Purpose of the Study:

  • To describe and parameterize the cosine-modulated class of multiplicity M wavelet tight frames (WTFs).
  • To present and discuss various design techniques for K-regular cosine-modulated WTFs.
  • To explore wavelet smoothness criteria and optimal designs for signal representation.

Main Methods:

  • Parameterization of cosine-modulated multiplicity M wavelet tight frames (WTFs).
  • Development and analysis of design techniques for K-regular WTFs.
  • Definition and application of smoothness criteria based on total variation for filter banks and WTFs.

Main Results:

  • A parameterized class of cosine-modulated WTFs is presented, where the scaling function uniquely determines wavelets.
  • Several design techniques for K-regular cosine-modulated WTFs are described, with a focus on short filter lengths for coding applications.
  • Designs prioritizing wavelet smoothness using total variation are provided, alongside optimal designs for signal representation.

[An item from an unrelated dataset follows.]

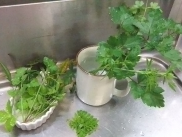 盛付けように庭のあちこちから採集してきた葉っぱたち。

All constructed WTFs are orthonormal bases.

Conclusions:

  • The cosine-modulated WTF framework simplifies wavelet design by linking scaling functions and wavelets.
  • Effective designs for K-regular and smooth WTFs are presented, suitable for transform coding and signal representation.
  • The study provides practical, orthonormal WTF constructions with analytical formulas in some cases.